Все это было однообразно. День тянулся долго, тоскливо. Наконец стало смеркаться. В вагоне зажгли свечи. Утомленные хлопотами последних дней, убаюкиваемые покачиванием вагона и ритмическим стуком колес, все очень скоро уснули. На другой день мы доехали до станции Шмаковка. Отсюда должно было начаться путешествие. Ночью дождь перестал, и погода немного разгулялась. Солнце ярко светило.

Смоченная водой листва блестела, как лакированная. От земли подымался пар… Стрелки встретили нас и указали нам квартиру. Остаток дня прошел в разборке имущества и в укладке вьюков. Следующий день, 18 мая, был дан стрелкам в их распоряжение. Они переделывали себе унты, шили наколенники, приготовляли патронташи — вообще последний раз снаряжали себя в дорогу. Вначале сразу всего не доглядишь. Личный опыт в таких случаях — прежде всего. Важно, чтобы в главном не было упущений, а мелочи сами сгладятся. Пользуясь свободным временем, мы вместе с П.

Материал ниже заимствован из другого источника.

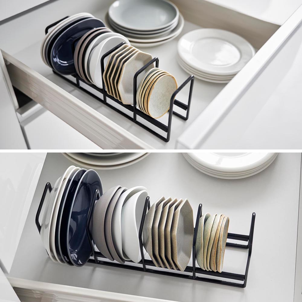 食器棚や引き出しの奥まで使って収納できるディッシュラックです。
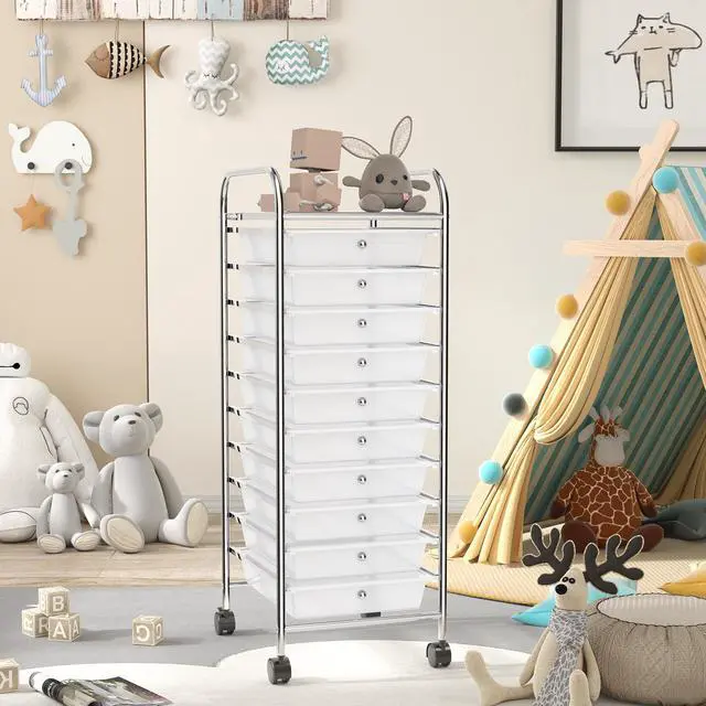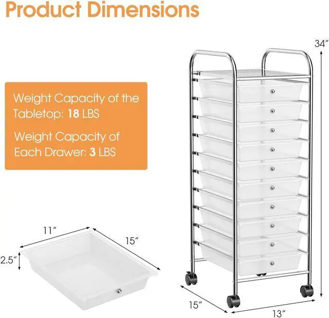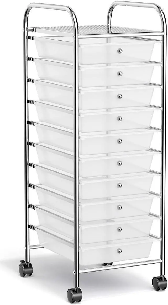Ample Space for Storage and Classification: There are ten drawers in total for to store and classifying your stuff. Table top can also be used for putting stuff on.

Рутковским пошли осматривать окрестности. В этом месте течение реки Уссури чрезвычайно извилистое. Если ее вытянуть на карте, она, вероятно, заняла бы вдвое более места. Нельзя сказать, чтобы река имела много притоков: кружевной вид ей придают излучины. Почти все реки Уссурийского края имеют течение довольно прямое до тех пор, пока текут по продольным межскладочным долинам. Но как только они выходят из гор на низины, начинают делать меандры [37]. Тем более это удивительно, что состав берегов всюду один и тот же: под дерном лежит небольшой слой чернозема, ниже — супесок, а еще ниже — толщи ила вперемежку с галькой. Я думаю, это можно объяснить так: пока река течет в горах, она может уклоняться в сторону только до известных пределов. Благодаря крутому падению тальвега [38] вода в реке движется быстро, смывает все, что попадается ей на пути, и выпрямляет течение.

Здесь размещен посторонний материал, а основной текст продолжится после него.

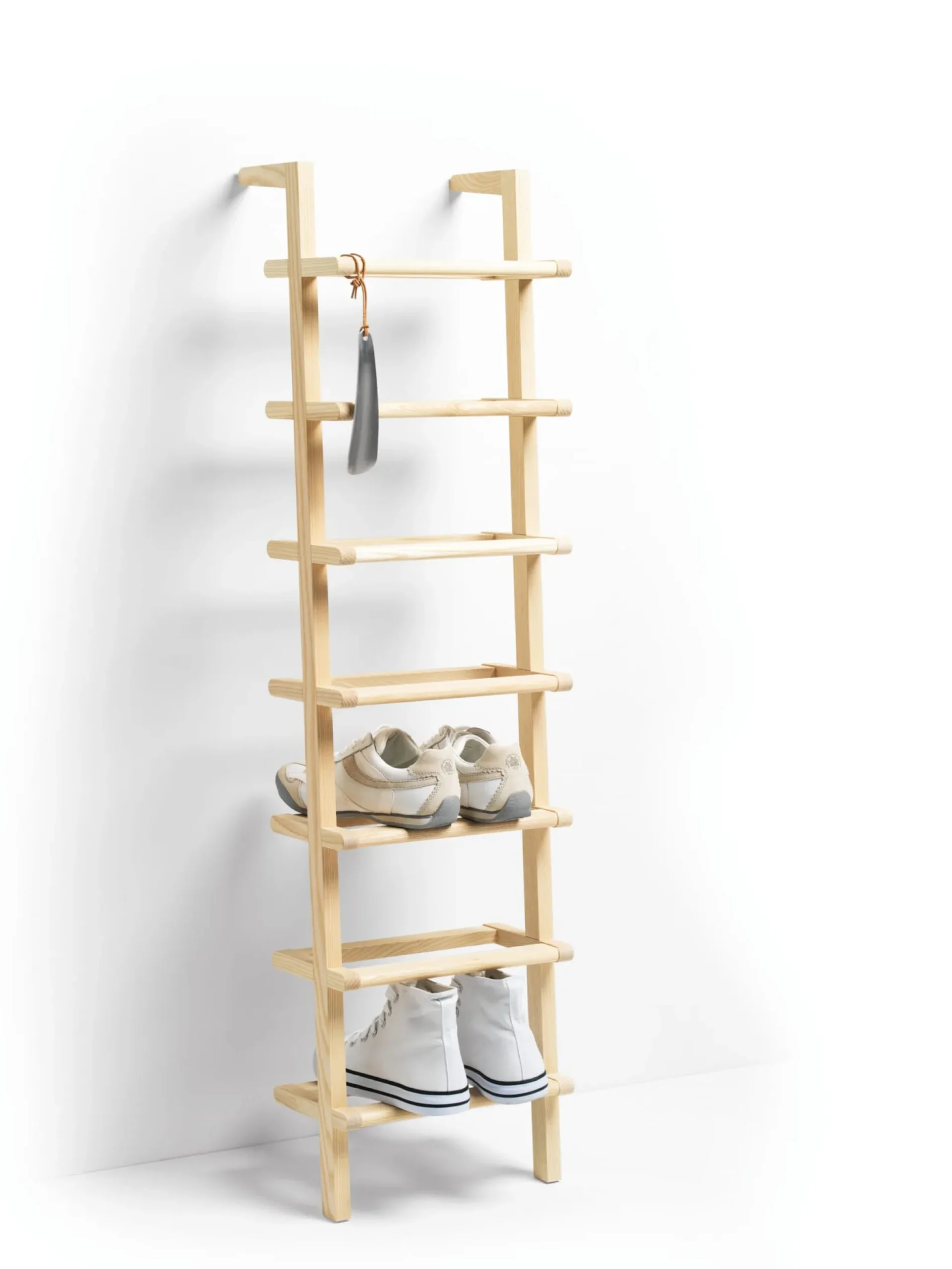 Material: Esche, unbehandelt (Herkunft: Deutschland); Schuhlöffel: Aluminium, Schnur: Rindleder
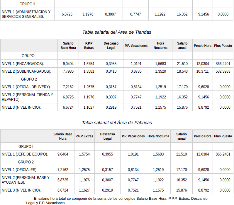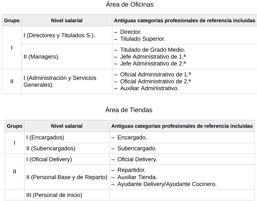 3. Que la mención «nivel salarial 1», la cual se corresponde al denominado «Oficial Delivery», en el texto del redactado trascrito es un error mecanográfico pues en puridad el redactado correcto y adecuado debía hacer una referencia al «nivel salarial 2» («Personal base y de reparto») pues las labores que desarrolla este nivel son las mismas que desarrollan los trabajadores adscritos inicialmente al «nivel salarial 3» y que al cabo de 8 meses de prestación de servicios en dicho nivel en la empresa automáticamente ascienden al citado «nivel salarial 2» de ese mismo grupo profesional.
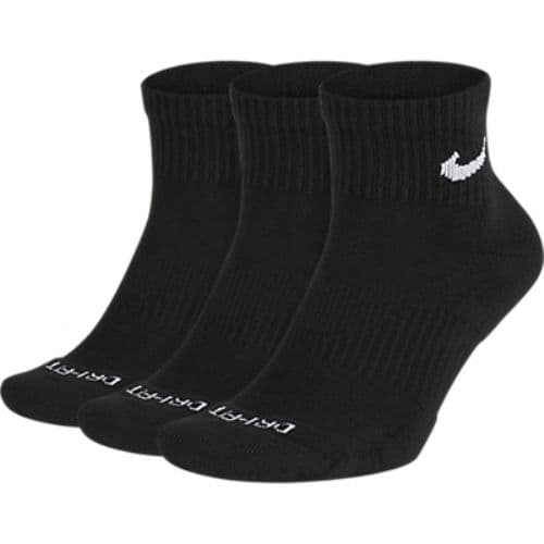 Nike 3 PPK Everyday Dri-FIT Cushion Quarter Socks Cushioned, medium-density padding/impact absorption. Dri-FIT fabric wicks away moisture to keep feet dry and cool. Arch support with a snug, secure fit. Anatomical Left and Right. Superior fit and cushioning.
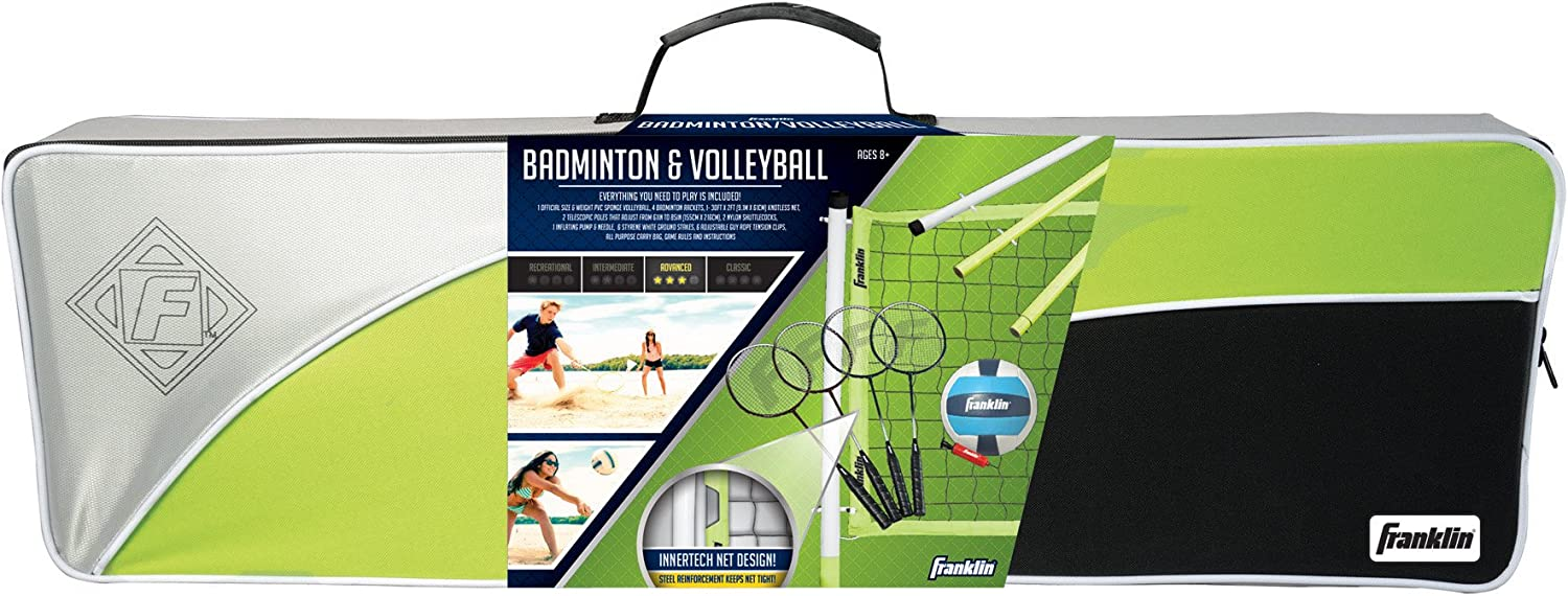 Franklin Sports Volleyball and Badminton Combo Set - Portable Volleyball and Badminton Net with Ball, Racquets and Birdies - All Inclusive Set
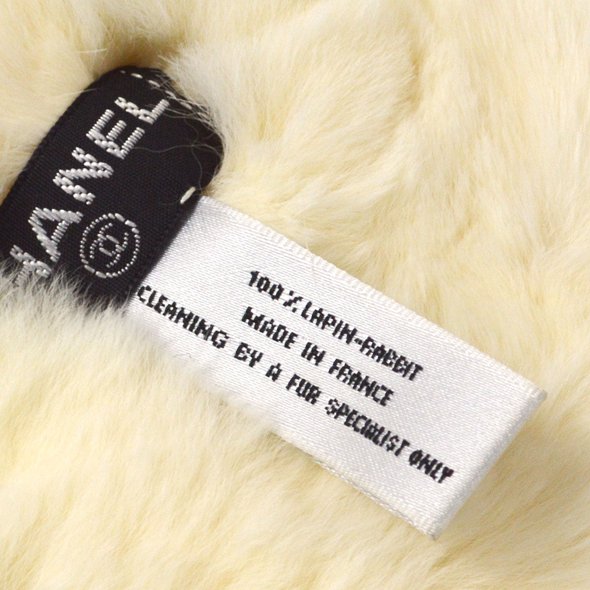 CHANEL Lapin Fur Bangle Wristband White

Река действует в одно и то же время и как пила и как напильник. Совсем иное дело на равнине. Здесь быстрота течения значительно уменьшается, глубина становится ровнее, берега однообразнее. При этих условиях немного нужно, чтобы заставить реку изменить направление, например случайное скопление в одном месте глины или гальки, тогда как рядом находятся рыхлые пески. Вот почему такие «кривуны» непостоянны: после каждого наводнения они изменяются, река образует новые колена и заносит песком место своего прежнего течения. Очень часто входы в старые русла закупориваются, образуются длинные слепые рукава, как в данном случае мы видим это на Уссури. Среди наносов реки много глины. Этим объясняется заболоченность долины. Лето 1906 года было дождливое.

Всюду по низинам стояла вода, и если бы не деревья, торчащие из луж, их можно было бы принять за озера. От поселка Нижне-Михайловского до речки Кабарги болота тянутся с правой стороны Уссури, а выше к селу Нижне-Романовскому Успенка — с той и другой стороны, но больше с левой. Здесь посреди равнины подымаются две сопки со старыми тригонометрическими знаками: северная высотой в 370 м , называемая Медвежьей горой, и южная в 250 м , имеющая китайское название Хандодинза-сы [39]. Между этими сопками находятся минеральные Шмаковские ключи. На северо-востоке гора Медвежья раньше, видимо, соединялась с хребтом Тырыдинза [40] , но впоследствии их разобщила Уссури. Среди уссурийских болот есть много релок [41] с хорошей, плодородной землей, которыми и воспользовались крестьяне для распашек. В 5 км от реки на восток начинаются горы. Ту древесную растительность, которую мы видим теперь в долине Уссури, лесом назвать нельзя. Эта жалкая поросль состоит главным образом из липы, черной и белой березы и растущих полукустарниками ольхи, ивняка и, наконец, раскидистого кустарника, похожего на леспедецу.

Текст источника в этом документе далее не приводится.